As manifestações só não foram uma catástrofe porque, felizmente, tanto algumas pessoas
ficavam revoltadas com os ataques da polícia e logo tratavam de atacar de volta,
quebrando e destruindo, como outras, especialmente as de classe baixa que já lidavam
com a violência estatal desde cedo, ingressaram na luta difusa e impuseram uma
verdadeira briga. Foi, sim, a revolta dos que estavam sendo atacados e a divulgação da
violência estatal que fizeram com que os pequenos direitos ganhos até agora fossem,
efetivamente, ganhos. As manifestações mostraram não só que existe gente insatisfeita
como a necessidade de se trabalhar as táticas e mesmo a mentalidade de seus
manifestantes.

Não que o pacifismo não possa ser utilizado. As vitórias históricas dependeram de uma
pluraridade de táticas.
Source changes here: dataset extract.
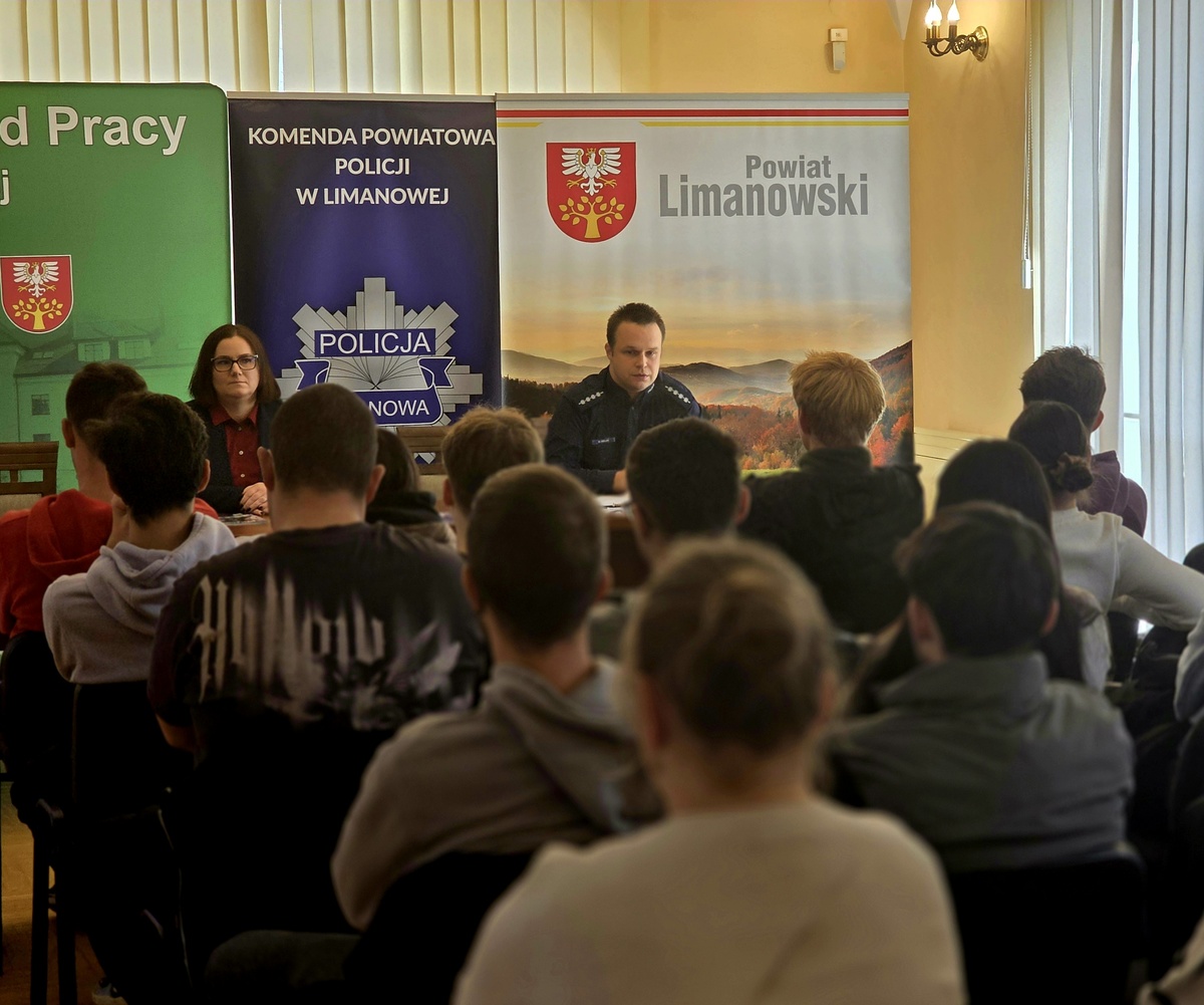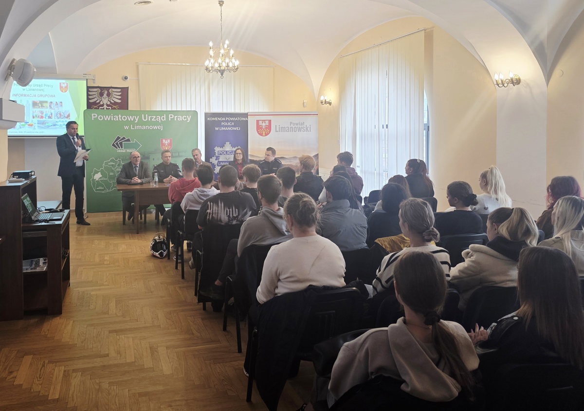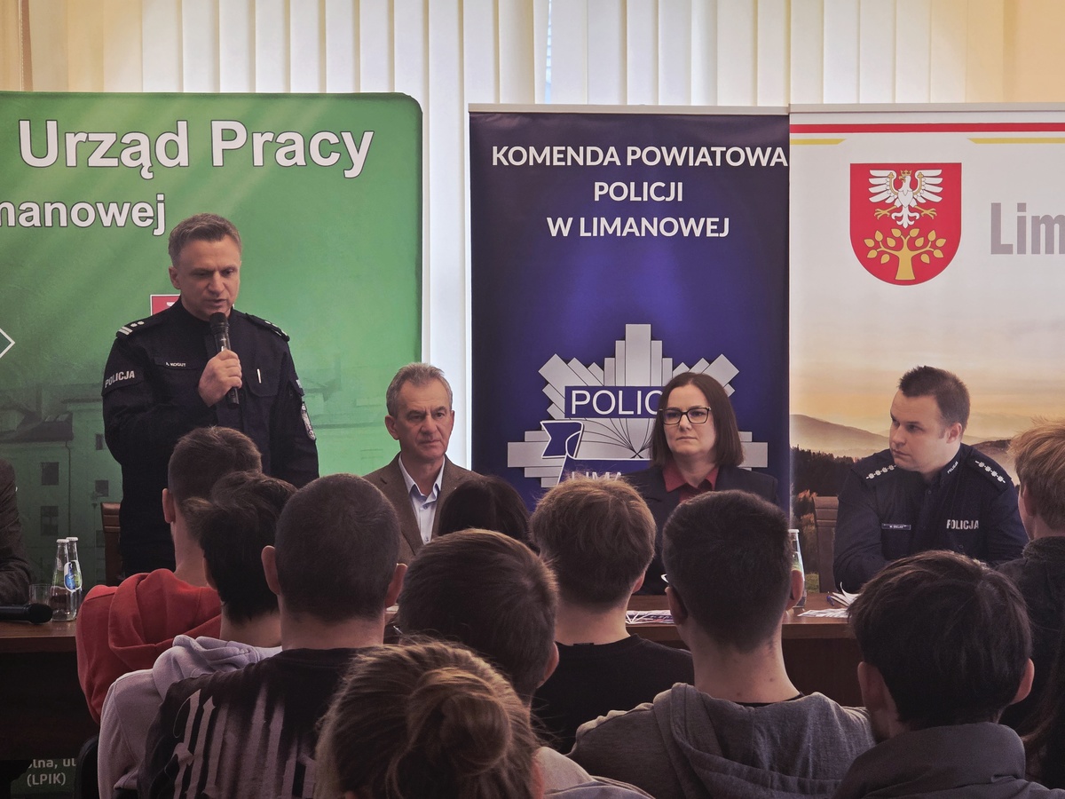 W Limanowej w Powiatowym Urzędzie Pracy odbyło się spotkanie poświęcone możliwościom podjęcia służby w Policji. W wydarzeniu uczestniczyli m.in. Starosta Limanowski Mieczysław Uryga, Dyrektor Powiatowego Urzędu Pracy w Limanowej Marek Młynarczyk, Radny Powiatu Limanowskiego Wojciech Włodarczyk oraz I Zastępca Komendanta Powiatowego Policji w Limanowej młodszy inspektor Albert Kogut.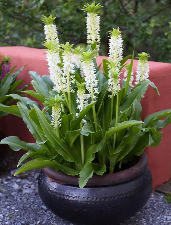 Еукоміс також можна вирощувати в контейнерах. Правила вирощування схожі на садові:

O que tornou os manifestantes classe-médias como joguetes num
momento de instabilidade política foi o pacifismo inarticulado, e, principalmente, a
vontade desses mesmos pacifistas de impedir que se disseminasse a pluraridade de táticas
na medida que tentavam conter o radicalismo. Acredito que as manifestações em Salvador
ainda não tenham terminado de todo, mas não tenho muita certeza se continuarão com
toda a visibilidade que já tiveram.

Não enxergo uma via política liderando a manifestação, que, aliás, gostava de se proclamar
“apolítica” – sem dúvida seria uma política capitalista reformista, ao meu ver. Capitalista
porque o reformismo, é claro, se propunha a manter a estrutura oficial do estado, com
suas normas, sua polícia violenta, seus oligopólios nas companhias de ônibus, suas classes
miseráveis e suas classes milionárias...

As manifestações, por sua destruição e massa participativa, têm sua visibilidade e poder
para mudar mais profundamente a estutura social que nos mantém. Entretanto, acho que
tão logo as demandas mais rasas tenham sido atendidas, o movimento será sufocado e
terminará. Serviu, não só para as mudanças, mas também para dar em vista como é a
sociedade brasileira, como o Estado pode manipular uma população e transformar um
protesto em uma passeata pela paz, como se faz carente de participação política no Brasil,
como um movimento articulado pode ter força enquanto um inarticulado pode se limitar a
deixar um estado de instabilidade política manipulável.